Analyzing the biomechanical differences between the 2 and 8 weeks post-operative time points, we first observed a general tissue stiffening of the Sham articular cartilage, with a trend of change that was attenuated in the DMM experimental group. The three-zone averaged cumulative stiffness increases were 1.90-fold (EMTP) and 1.48-fold (ELTP) for Sham, and 1.55-fold (EMTP) and 0.98-fold (ELTP) for DMM. The largest time-dependent (8w/2w) stiffening of Sham was recorded in the deep zone of the MTP (EDZ: 2.17-fold) with remarkable individual increases: E1: 3.19-fold; E2: 2.39-fold. The middle and superficial zones showed 1.46-fold (EMZ)/1.88-fold (E1MZ)/1.55-fold (E2MZ) and 2.11-fold (ESZ)/1.52-fold (E1SZ)/1.67-fold (E2SZ) changes, respectively. On the other hand, zone-dependent stiffness variation between 8 and 2 weeks Sham were more homogenous on the lateral side (EDZ: 1.56-fold; EMZ: 1.65-fold; ESZ: 1.27-fold). The tendency towards stiffening observed in the Sham group was reduced in the DMM group, especially in the deep and superficial zones of the MTP. For MTP, increases in stiffness of 1.29-fold (EDZ), 1.71-fold (EMZ) and 1.66-fold (ESZ) were observed. For LTP, 1.26-fold (EDZ), 1.12-fold (EMZ) and 0.63-fold (ESZ) changes were recorded.
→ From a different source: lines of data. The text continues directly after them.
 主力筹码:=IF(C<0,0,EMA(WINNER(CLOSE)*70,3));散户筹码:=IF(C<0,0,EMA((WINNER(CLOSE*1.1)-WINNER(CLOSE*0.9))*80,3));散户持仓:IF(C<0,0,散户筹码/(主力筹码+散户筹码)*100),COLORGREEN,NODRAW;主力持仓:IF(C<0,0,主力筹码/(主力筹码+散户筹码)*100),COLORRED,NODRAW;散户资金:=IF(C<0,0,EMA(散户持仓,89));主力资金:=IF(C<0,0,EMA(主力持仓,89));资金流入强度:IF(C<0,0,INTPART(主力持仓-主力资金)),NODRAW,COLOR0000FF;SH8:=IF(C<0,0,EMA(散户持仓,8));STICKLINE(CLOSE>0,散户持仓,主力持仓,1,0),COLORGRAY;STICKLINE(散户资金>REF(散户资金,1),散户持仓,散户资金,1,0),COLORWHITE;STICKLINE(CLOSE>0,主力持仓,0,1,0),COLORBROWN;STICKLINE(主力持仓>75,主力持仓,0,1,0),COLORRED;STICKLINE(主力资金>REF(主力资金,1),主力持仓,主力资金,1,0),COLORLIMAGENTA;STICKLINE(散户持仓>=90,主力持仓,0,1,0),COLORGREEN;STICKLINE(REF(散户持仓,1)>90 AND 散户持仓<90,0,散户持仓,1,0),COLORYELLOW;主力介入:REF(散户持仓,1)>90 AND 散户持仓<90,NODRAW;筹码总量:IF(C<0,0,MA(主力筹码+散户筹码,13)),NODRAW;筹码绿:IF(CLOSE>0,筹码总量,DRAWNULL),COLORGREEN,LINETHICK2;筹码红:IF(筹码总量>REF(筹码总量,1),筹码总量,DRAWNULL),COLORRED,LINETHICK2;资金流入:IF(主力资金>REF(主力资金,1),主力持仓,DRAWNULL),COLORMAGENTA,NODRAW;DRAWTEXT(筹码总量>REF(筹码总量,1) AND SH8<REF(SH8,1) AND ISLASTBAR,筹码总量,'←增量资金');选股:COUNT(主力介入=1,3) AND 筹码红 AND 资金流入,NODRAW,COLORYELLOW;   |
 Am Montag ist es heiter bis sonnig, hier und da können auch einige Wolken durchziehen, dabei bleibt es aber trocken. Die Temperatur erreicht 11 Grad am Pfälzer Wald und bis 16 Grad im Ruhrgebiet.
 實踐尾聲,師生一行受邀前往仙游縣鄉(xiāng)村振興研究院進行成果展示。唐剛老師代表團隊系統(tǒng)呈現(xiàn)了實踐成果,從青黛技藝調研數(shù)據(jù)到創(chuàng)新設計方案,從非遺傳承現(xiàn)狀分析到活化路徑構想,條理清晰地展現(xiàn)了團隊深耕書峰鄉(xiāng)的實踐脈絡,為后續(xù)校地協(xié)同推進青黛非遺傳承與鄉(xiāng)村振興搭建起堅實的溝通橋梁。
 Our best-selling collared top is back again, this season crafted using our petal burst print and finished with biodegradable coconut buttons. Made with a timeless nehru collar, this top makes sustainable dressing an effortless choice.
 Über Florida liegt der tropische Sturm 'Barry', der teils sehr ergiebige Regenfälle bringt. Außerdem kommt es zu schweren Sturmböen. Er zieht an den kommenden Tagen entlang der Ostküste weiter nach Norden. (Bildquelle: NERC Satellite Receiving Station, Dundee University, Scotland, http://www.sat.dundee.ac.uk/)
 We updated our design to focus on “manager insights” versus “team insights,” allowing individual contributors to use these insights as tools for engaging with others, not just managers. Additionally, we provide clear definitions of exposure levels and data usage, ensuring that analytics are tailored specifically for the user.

Analysis of individual proteoglycan and collagen networks revealed superficial zone softening in the range of 0.89-fold (E1) and 1.07-fold (E2) (unchanged) for MTP and 0.49-fold (E1) and 0.65-fold (E2) for LTP. Collectively, IT-AFM measurements demonstrated that DMM surgery induced processes that counteracted the age-dependent stiffening of articular cartilage zones observed in Sham animals.

4. Discussion

The aim of this study was to analyze the biomechanical alterations in murine articular cartilage during the course of PT-OA induced by the DMM model. It is well accepted that during OA, changes in the biomechanical properties of the cartilage ECM precede histologically visible degradation [15,17,24,26,29,30]. In this regard, we could clearly demonstrate pronounced changes in AC tissue stiffness at the onset and progression of PT-OA in DMM animals compared to Sham-operated groups, whereas histology and the application of a modified Mankin score could reveal only mild differences. For histopathological scoring, we used 20 µm thick, native, non-decalcified sections, whereas the recommended guidelines for histology suggest 4–6 µm thin, fixed, decalcified sections [31]. Nevertheless, the OA histological scores obtained showed a good comparison with our previous study [26]. After thawing and hydration, native frozen sections of 6–30 µm are also routinely used to evaluate the biomechanical properties of cartilaginous tissues by IT-AFM [14,24,25,26,30]. Similarly to previous studies [13,14,24,25,26], we could identify the typical cartilaginous bimodal stiffness distribution, where the first peak represents the softer proteoglycan phase and the second peak the stiffer collagenous network. The high comparability achieved by analyzing adjacent sections, and the fact that the same animal could be used for both histological and AFM investigations, further justifies our methodological approach to use thick, native sections.
Articular cartilage ECM exhibits a decreasing stiffness gradient from the deep to the superficial zone, regardless of species [19,24,25,32,33]. This zone-specific biomechanical property, reflecting the composition, structure and function of AC regions, was confirmed in Sham mice by our nano-scale AFM indentation, which showed the highest Young’s modulus in the deep zone and the lowest in the superficial zone for both the proteoglycan gel and the collagen fibrillary network. Furthermore, the time-dependent increase from weeks 2 to 8 in cartilage nanostiffness in Sham animals is indicative of tissue maturation, which is consistent with the previously reported stiffening associated with skeletal development and aging, and is most likely attributable to the maturation of the collagenous network [14,17,34,35].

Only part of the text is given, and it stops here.